Cofidis victime d’une concurrence accrue
Un troisième point pourrait être le management de Cédric Vasseur. Celui-ci n’est pas le nôtre, mais différents articles publiés sur le sujet, et notamment celui de L’Equipe en mars dernier, remettent en cause le management du Nordiste. Nous ne disposons pas de preuves pour valider ou infirmer cet article, mais force est de constater qu’en tant que directeur de l’équipe, l’échec de la relégation lui impute, et qu’il ait été écarté montre que les actionnaires l’ont lâché, mécontents de ses résultats.

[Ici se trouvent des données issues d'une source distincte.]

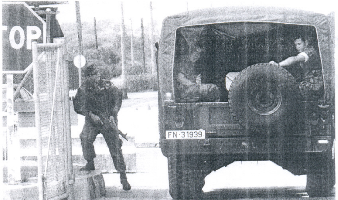
Control de acceso a la Base de Rota, municipio con la mayor servidumbre de Cádiz (un 23,5% de su término) y al que no le han pagado aún la ayuda del 2007.

EL REGIDOR BARBATEÑO, ACORRALADO POR LAS DEUDAS
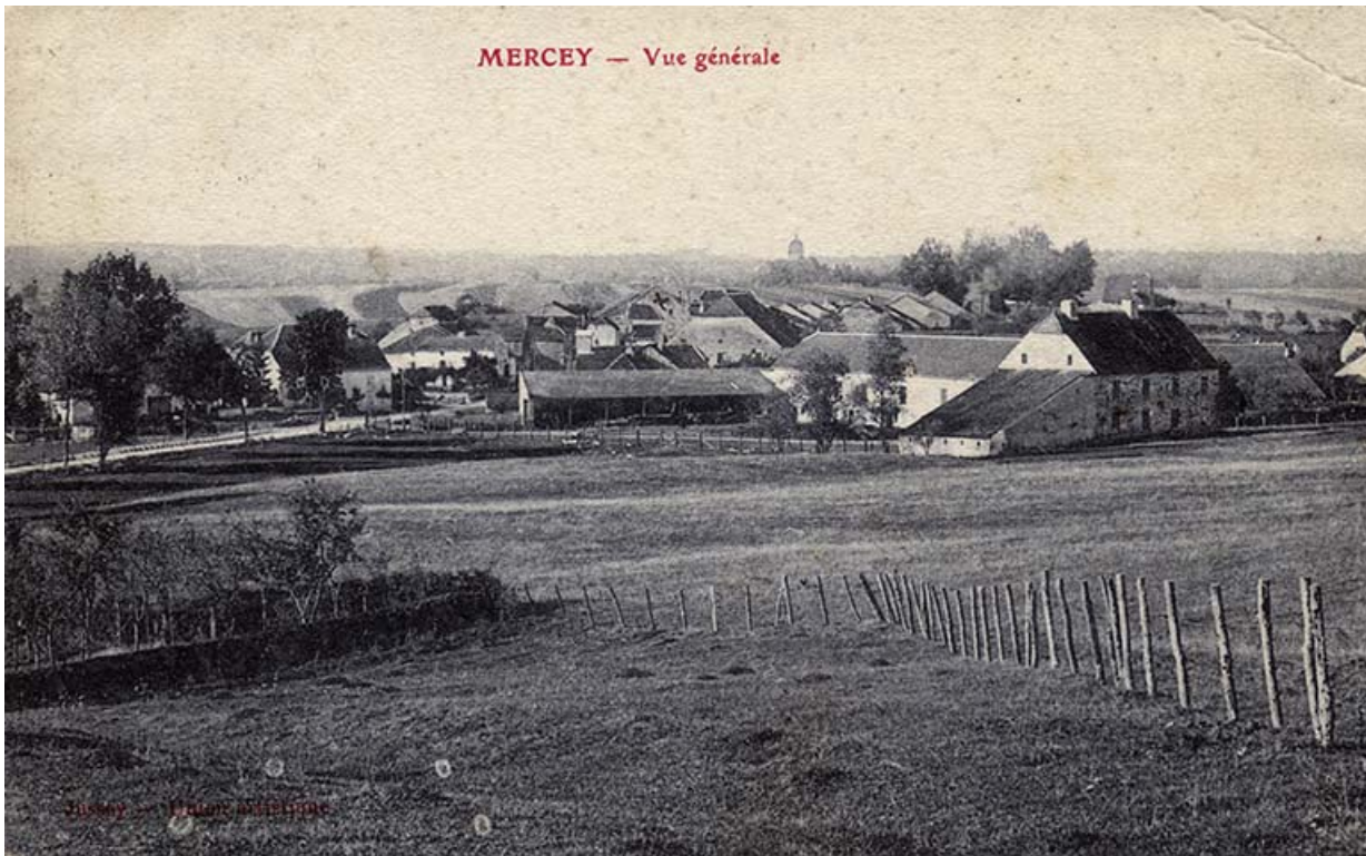
Vue générale de Mercey, carte postale. 70, Gevigney-et-Mercey
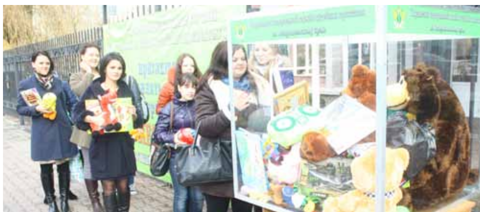
Преподаватели и студенты Северо-Кавказского федерального университета участвуют в акции «Все вместе-детям».
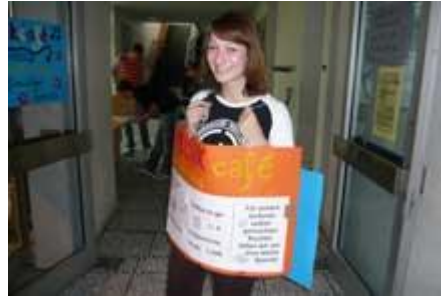
Falsche Sandwiches ...
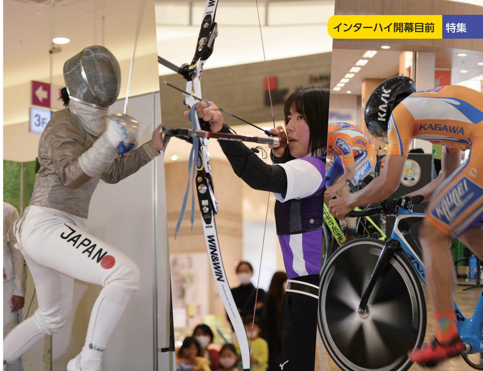
大会100日前イベントでデモンストレーションを行う高校生
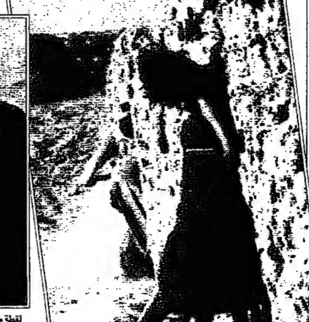
لغلة من فيلم ل جوميل
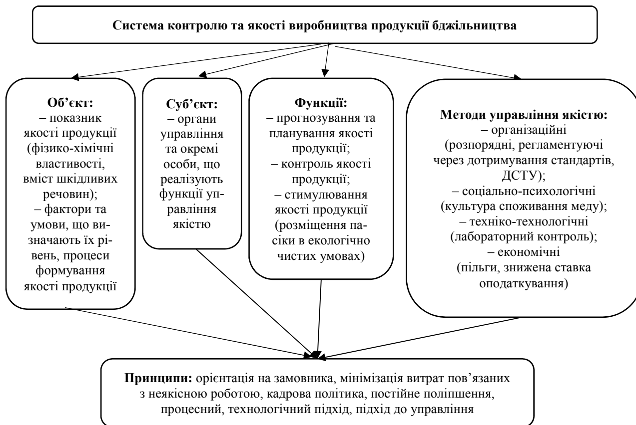
Рис. 2. Система контролю та якості виробництва продукції бджільництва
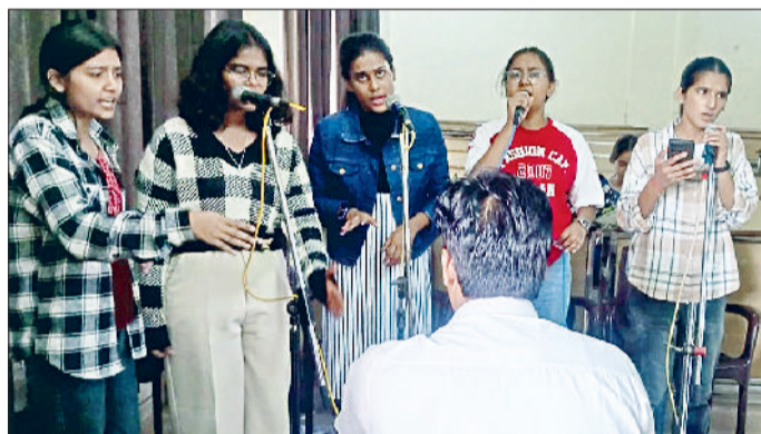
रेवाड़ी। केएलपी कॉलेज में गुप डांस की रिहर्सल करती छात्राएं व युवा महोत्सव के लिए नाटक का रिहर्सल करती छात्राएं व गुप सांग का रिहर्सल करते हुए छात्राएं।
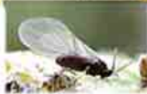
Günümüz yaprak biti

Dönem: Senozoik zaman, Eosen dönemi Yaş: 50 milyon yıl Bölge: Polonya
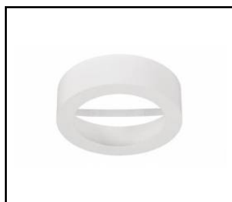
KULATÉ POUZDRO FRAGA 6W/11W. NECTRA 5W/7W IP44 (059841)
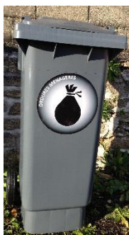
Bac OM 80l
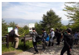
《信州学：地附山地滑りについて》
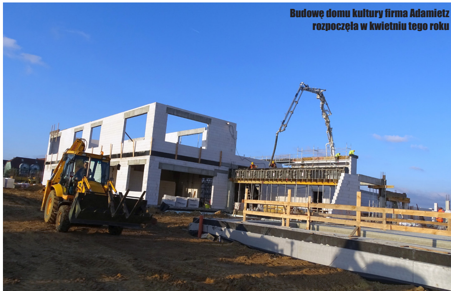
Budowę domu kultury firma Adamietz rozpoczęła w kwietniu tego roku
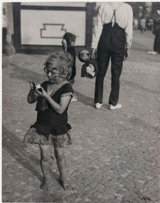
Umbo, Kleines Mädchen, 1928/1929, erworben mit Unterstützung der Kulturstiftung der Länder, Berlin. Gefördert von der Beauftragten der Bundesregierung für Kultur und Medien aufgrund eines Beschlusses des Deutschen Bundestages © Phyllis Umbehr/Galerie Kicken Berlin/VG Bild-Kunst, Bonn 2020

Enfin, comment ne pas évoquer tout simplement la concurrence et l’évolution du cyclisme moderne ? Avec un budget annuel de 25 M€ et le système fiscal français, Cofidis dispose d’un budget a priori confortable, dans les faits plutôt dans la moyenne basse du World Tour. Les budgets sont en augmentation perpétuelle, et 25 M€ en France ne valent pas 25 M€ aux Etats-Unis, en Suisse ou en Australie. Ce n’est pas assez, par exemple, pour conserver sa pépite Axel Zingle fin 2024. Bref, comme GFDJ, les Nordistes n’ont pas les armes pour lutter face aux super-teams sur le temps long, et c’est désormais en Pro Team qu’ils vont devoir se reconstruire. Et c’est peut-être un mal pour un bien. Tout d’abord parce que les actionnaires de l’équipe, le Crédit Mutuel (maison mère de Cofidis) a réitéré son soutien à la structure et à son nouveau directeur, Raphaël Jeune, en début de semaine. Ensuite, parce qu’avec la quasi-assurance d’être invitée sur toutes les courses WT majeures, Cofidis disposera d’un calendrier beaucoup plus souple et flexibles, et pourra mieux sélectionner ses courses, tout en évitant celles où elle a peu de chances. Rendez-vous dans 3 ans pour savoir si, oui ou non, Cofidis reviendra en World Tour comme Lotto et Premier Tech cette année. Et on parierait que oui. A suivre.